Несколько немцев сдались сидя прямо в седлах, подняв руки, – казаки посдирали с них перевязи с саблями, ремни с револьверами, карабины, – остальные ринулись в поле, назад к Журамину, под прикрытие винтовок ландштурма – только белая холодная пыль взвилась высоким столбом. Что-что, а по части драпанья немцы имели опыт и кони их держали хороший ход. Забайкальцам на своих низкорослых лошаденках догнать их было трудно.
Немецкий эскадрон был полновесный, пятьдесят сабель, у Семенова же было всего двадцать клинков. Взял сотник не числом, а умением.
Прискакавшие в Журамин конники внесли смятение в ряды ландштурма – накормленные до отвала и напоенные до ноздрей старички подняли ор – надо немедленно идти на соединение со своими, в Журамине они погибнут все, до единого человека.
Ландштурм начал поспешное отступление из Журамина. А Семенову это только и надо было – в Журамине ландштурмисты хоть плетнями были защищены да заборами, а в чистом поле оказались бы голенькими, как на ладони. Казаки Семенова ударили по ним залпом из винтовок, потом дали еще залп. Старички вылетали из фур, будто голуби, только ноги в укороченных теплых сапогах взметывались вверх да поле оглашалось жалобными стонами.

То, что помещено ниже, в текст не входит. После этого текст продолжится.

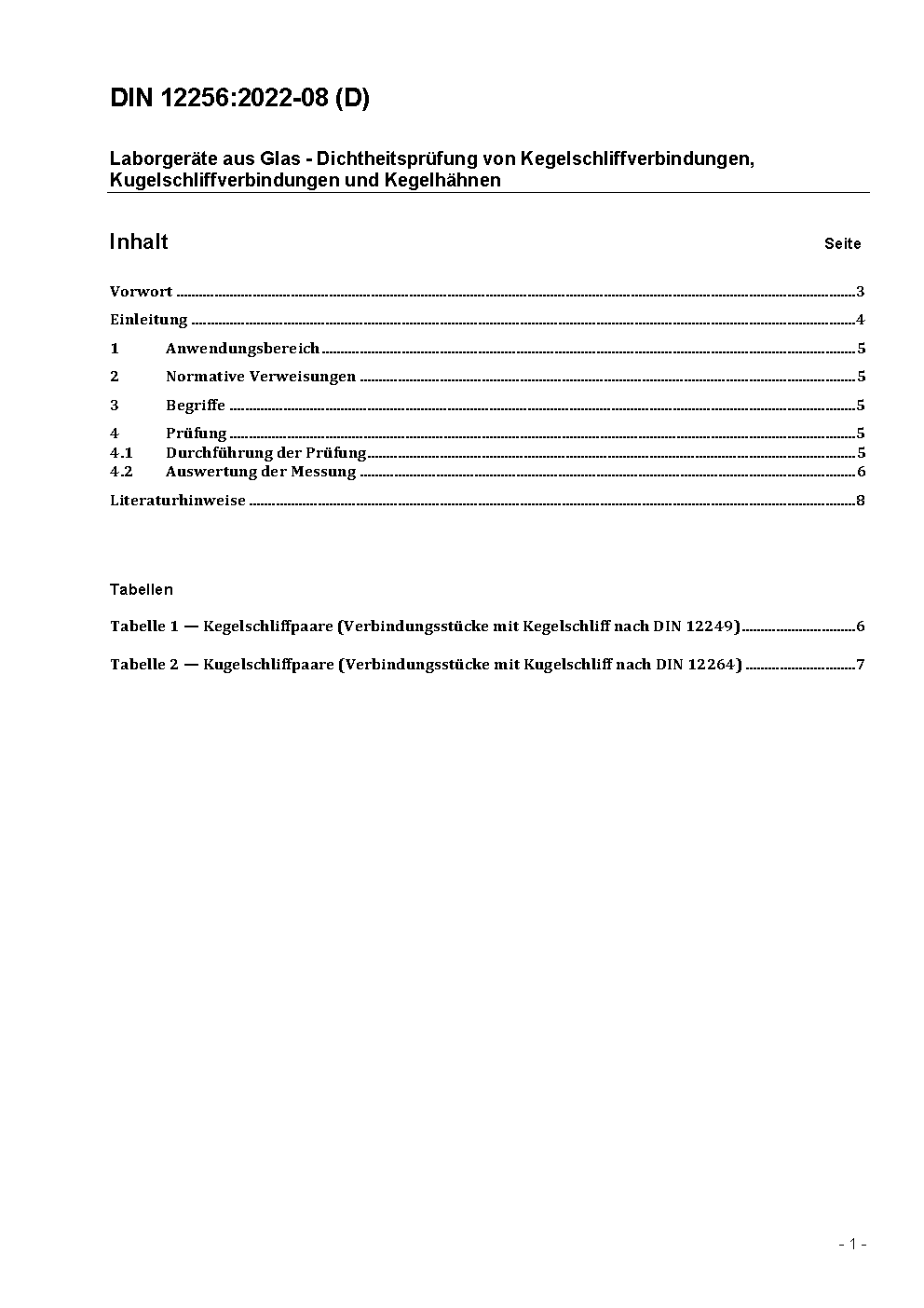 Laborgeräte aus Glas - Dichtheitsprüfung von Kegelschliffverbindungen, Kugelschliffverbindungen und Kegelhähnen
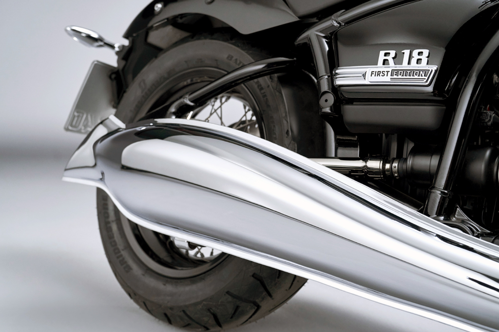 Bei dem Boxermotor der neuen R18 handelt es sich um ein luft-/ölgekühltes Zweizylinder-Viertakt-Aggregat mit genau 1802 Kubikzentimetern Hubraum. Es leistet 91 PS bei 4750 Umdrehungen pro Minute. Für Motorräder ziemlich gewaltige 158 Newtonmeter Drehmoment liegen bei 3000 Touren an. Ein Sechsgang-Getriebe überträgt die Kraft. Für Technik-Interessierte, was das Fahrwerk betrifft: Der Rahmen setzt sich aus einem Doppelschleifen-Stahlrohr, dazu aus einer Teleskopgabel vorn mit 12 Zentimetern Federweg, einem speziellen Federbein hinten mit einstellbarer Federbasis und 9 Zentimetern Federweg zusammen. Auf den 19-Zoll-Drahtspeichenrädern vorn sind serienmäßig 120er-Reifen aufgezogen, auf den 16-Zöllern hinten 180er. Doppelscheibenbremse vorn und Einscheibenbremse hinten messen 30 Zentimeter im Durchmesser. Der Radstand der 2,44 Meter langen, gut 96 Zentimeter breiten und 1,23 Meter hohen Maschine beträgt 1,73 Meter. Der Tank fasst 16 Liter. Man sitzt 69 Zentimeter hoch. Die unverkleidete R18 bringt leer unterm Strich 345 Kilo auf die Waage. Bereits der Motor ist 110 Kilo schwer. Zulässig sind laut Datenblatt 550 Kilo Gesamtgewicht.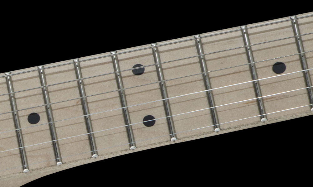- Diapasón de arce de radio compuesto de 12″-16″ con 22 trastes jumbo e incrustaciones de puntos negros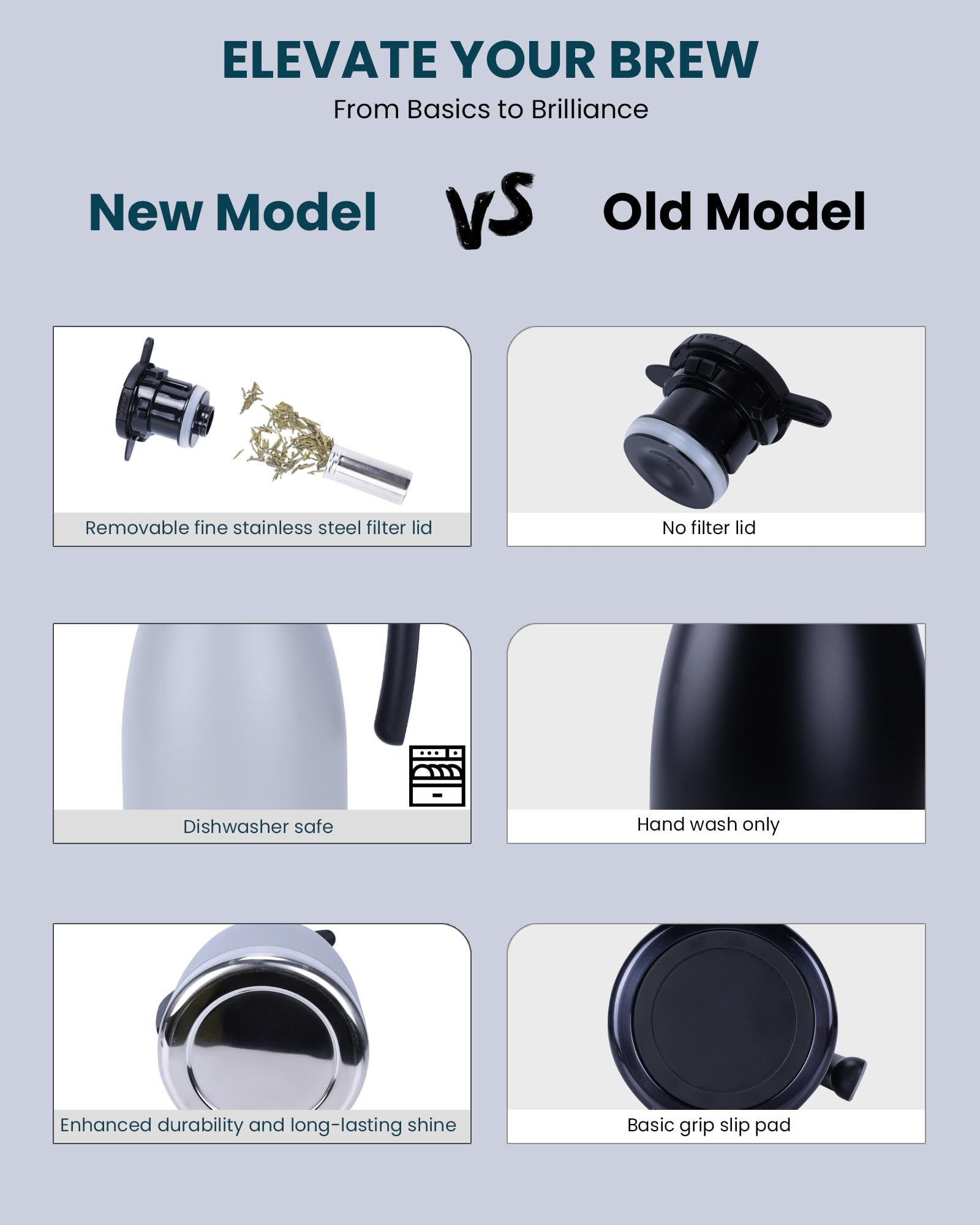 🍵 Detachable Filter for On-the-Go Tea Brewing – Features a removable/detachable filter, making it a convenient tea infuser carafe and insulated teapot; easily removed for thorough cleaning, no tea residue—ideal for repeated use in busy environments. Dishwasher-safe components simplify post-use care.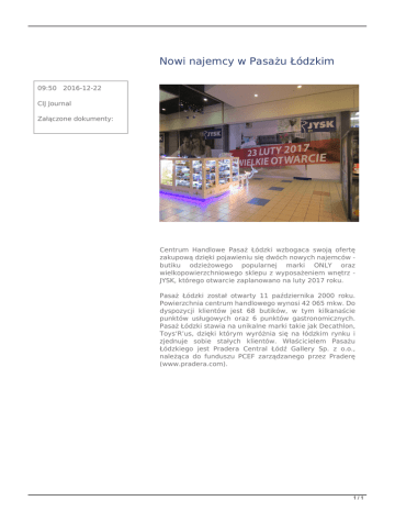 Nowi najemcy w Pasażu Łódzkim 09:50 2016-12-22 CIJ Journal Załączone dokumenty: Centrum Handlowe Pasaż Łódzki wzbogaca swoją ofertę zakupową dzięki pojawieniu się dwóch nowych najemców butiku odzieżowego popularnej marki ONLY oraz wielkopowierzchniowego sklepu z wyposażeniem wnętrz JYSK, którego otwarcie zaplanowano na luty 2017 roku. Pasaż Łódzki został otwarty 11 października 2000 roku. Powierzchnia centrum handlowego wynosi 42 065 mkw. Do dyspozycji klientów jest 68 butików, w tym kilkanaście punktów usługowych oraz 6 punktów gastronomicznych. Pasaż Łódzki stawia na unikalne marki takie jak Decathlon, Toys‘R’us, dzięki którym wyróżnia się na łódzkim rynku i zjednuje sobie stałych klientów. Właścicielem Pasażu Łódzkiego jest Pradera Central Łódź Gallery Sp. z o.o., należąca do funduszu PCEF zarządzanego przez Praderę (www.pradera.com). 1/1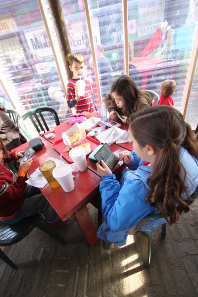 we made a quick pit stop at the ghost room before the parade. kat enjoyed some quality time teaching the older two to play pool.

Добыча, которую взял сотник Семенов, была богатая: «около ста пленных и обоз в двадцать телег».
«За это дело я был произведен в следующий чин, за отличие», – написал он четверть века спустя в биографической книге «О себе».
Спокойная жизнь длилась недолго.
Начались затяжные бои, а с ними – полоса неудач. Приказом генерала Крымова два казачьих полка – Первый Нерчинский и Уссурийский – были пересажены с лошадей на «свои двои», попросту говоря, спешены. Спешенным полкам было велено готовиться к форсированию реки Дресвятицы.
У реки этой оказались сосредоточены ни много ни мало тридцать кавалерийских дивизий, и две дивизии пехотные; кулак сколотился такой, что если он ударит по немцам как следует, по-русски, то разом прорубит дыру сквозь всю Европу, прямо до самого Берлина; во главе кулака был поставлен генерал Орановский – человек, как впоследствии оказалось, вялый и пустой. Максимум, что он умел делать – сохранять сапоги зеркально начищенными в самую лютую грязь да трубно сморкаться в надушенный батистовый платок.
По коню своему, уведенному в тылы дивизии, Семенов скучал здорово – словно по близкому другу, пришедшему с ним в эти края с родного кордона, – в нем рождалось ощущение потери, чего-то печального, даже скорбного, как будто не стало человека, которому он доверял. Вроде бы только что вместе шли в атаку, вдруг пуля – вживк! – и Семенов остался один.
Река Дресвятица была коварной. Узкая, глубокая, с ямами, из которых на отмели выползали полуторапудовые сомы, норовили тяпнуть за ногу какого-нибудь зазевавшегося солдатика, она имела очень топкие, сочащиеся черной сукровицей берега. Лишний раз на такой берег не ступишь – увязнешь по пояс.